Большая церковь была полна народу.
Скамьи по обеим сторонам хоров и многочисленные ряды внизу, обычно полупустые, были сегодня до отказа заполнены людьми. На эту вечернюю службу пришло столько людей, сколько не собирается даже на заутреню в праздничные дни.
Пока он поднимался на кафедру, сжимая в руках молитвенник, он думал с упрямством: «Что им от меня надо? Неужели они пришли посмеяться надо мной?»
Но от этого предположения он все же вскоре отказался. Видимо, прихожан привело сюда нечто другое, чего он еще не знал. «Или… Уж не пришли ли они, чтобы…»
Но Мортену надо было начинать службу, и ему не хватило времени додумать свою мысль до конца. Когда молитва и текст священного писания были прочтены, Мортен Крусе начал проповедь.
Он не говорил и пяти минут — нет, даже пяти минут не прошло, как вдруг он сам почувствовал, что от его слов веет холодом и что холод этот охватывает всех присутствующих.
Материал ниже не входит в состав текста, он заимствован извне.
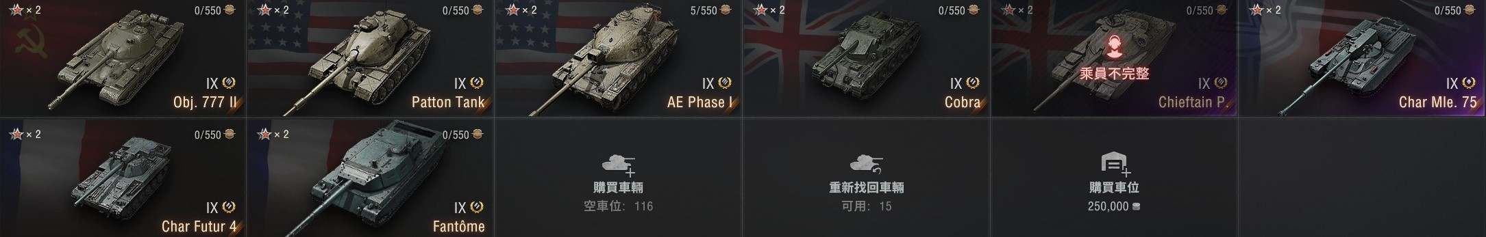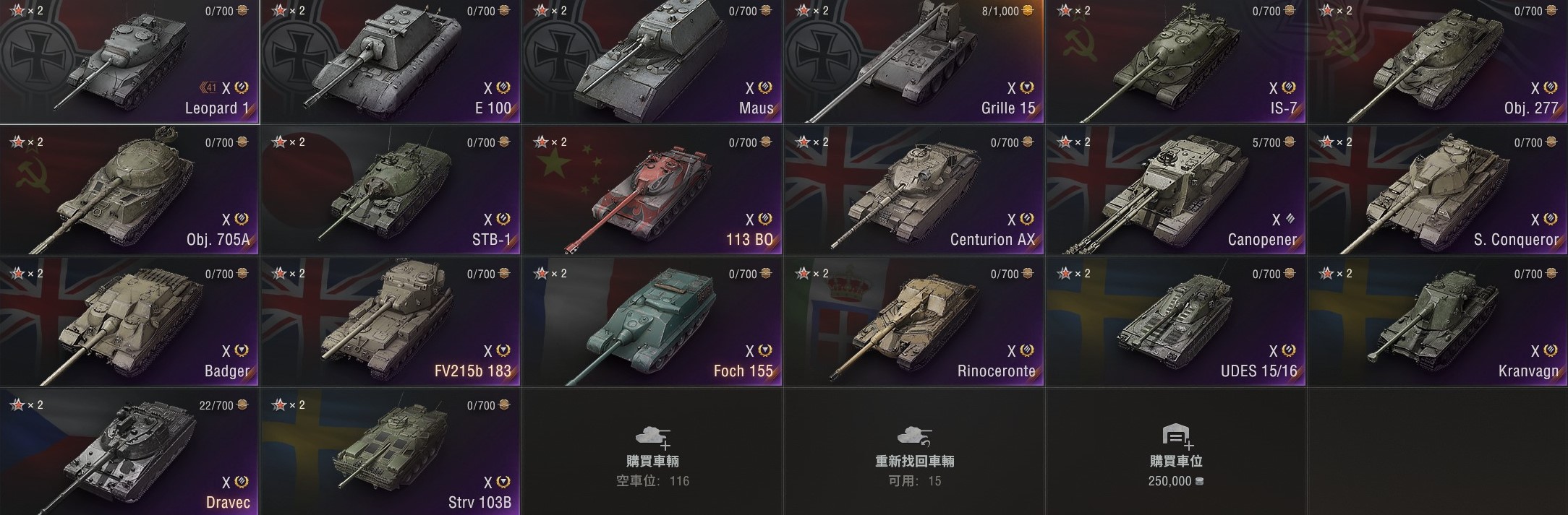 此帳號主重坦>TD>輕中坦 重坦車居多 階級主要8和10階車居多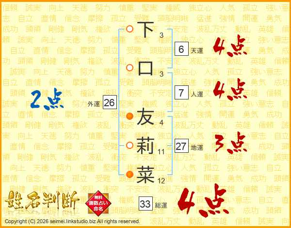 下口友莉菜さんの総運は33画の4点!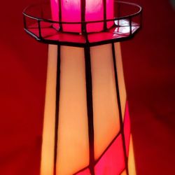 Vintage Dale Tiffany Lighthouse Stained Glass Nautical Lamp - White & Red Stripe - 10.5" Tall.$80Harper Woods, MI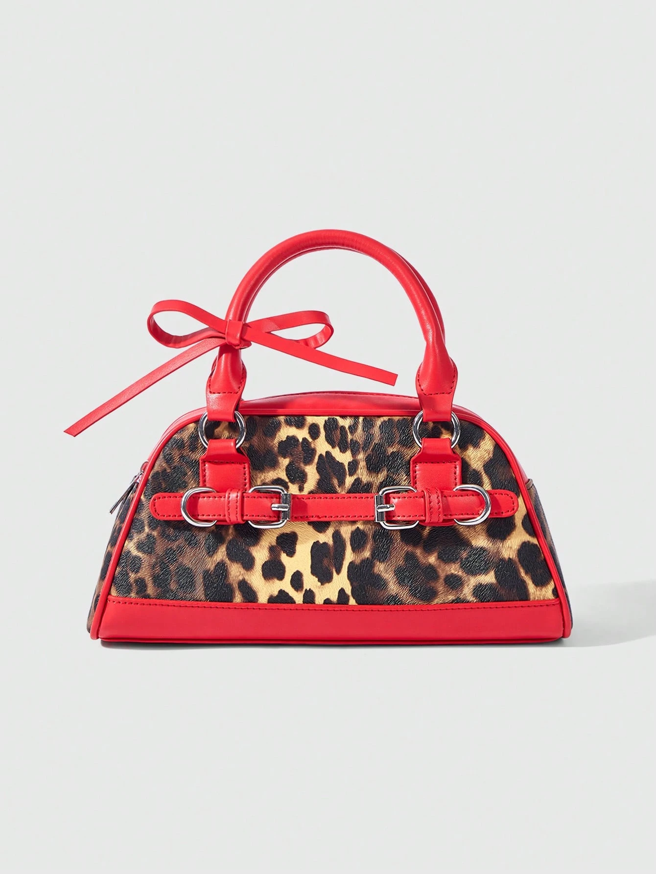 Grunge Punk Borsa a tracolla casual da donna con motivo leopardato e fibbia

Да, он чуть ли не видел, как разочарование волнами прокатилось по рядам, словно ветер по пшеничному полю. Прихожане как-то сникли, стали шептаться, напряжение ослабло, сменилось сонным равнодушием.
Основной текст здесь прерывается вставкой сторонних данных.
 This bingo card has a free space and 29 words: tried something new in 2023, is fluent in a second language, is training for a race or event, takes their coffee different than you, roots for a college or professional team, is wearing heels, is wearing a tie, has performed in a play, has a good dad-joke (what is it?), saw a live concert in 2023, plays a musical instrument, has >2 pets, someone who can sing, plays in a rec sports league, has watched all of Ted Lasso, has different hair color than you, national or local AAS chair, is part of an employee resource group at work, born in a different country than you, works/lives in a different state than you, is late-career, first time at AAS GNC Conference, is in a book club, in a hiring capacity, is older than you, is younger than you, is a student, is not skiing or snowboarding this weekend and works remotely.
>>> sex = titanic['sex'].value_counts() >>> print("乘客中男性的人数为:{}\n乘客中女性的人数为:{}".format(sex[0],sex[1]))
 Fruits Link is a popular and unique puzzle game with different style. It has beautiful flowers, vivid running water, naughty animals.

Крусе охватило отчаяние. В это мгновение он с необычайной ясностью осознал, что стоит на рубеже какого-то большого события. Неужели он не переступит этого рубежа? Неужели навсегда останется в числе тех, кто ничем не владеет?
Вчера вечером, обдумывая свою проповедь, он ведь сначала собирался хотя бы часть ее произнести на простонародном говоре. Эх, была не была! И крепко опершись о кафедру, он вдруг заговорил, не взвешивая слов, совсем другим тоном — не привычным пасторским, а резким, грубым, как говорят торговцы на рынке или матросы на корабле.
И в то же мгновение он полностью завладел вниманием прихожан.
До конца дней своих Мортен Крусе не забудет этой минуты. Он сразу вступил на верный путь. И хотя в тот вечер он еще очень слабо себе представлял, как далеко ведет этот путь, он все же понял, что вновь оказался среди тех, кто чем-то владеет — чем-то таким, что получше битком набитой товарами мелочной лавки.
Как только ему удалось преодолеть неловкость, он сам почувствовал, что обрел себя, что, изменив тон, поступил правильно. Люди, сидящие перед ним, были такими же, каким был бы он сам, если бы его не отдали сперва в латинскую школу, а потом на богословский факультет. Но за это время между ним и простыми людьми выросла стена, даже если он внутренне, в существе своем и остался таким же, как они. Лишь добровольно отказавшись от всего, что отделяло его от них и вернувшись к языку и образу мыслей народа, он смог завоевать их внимание и доверие.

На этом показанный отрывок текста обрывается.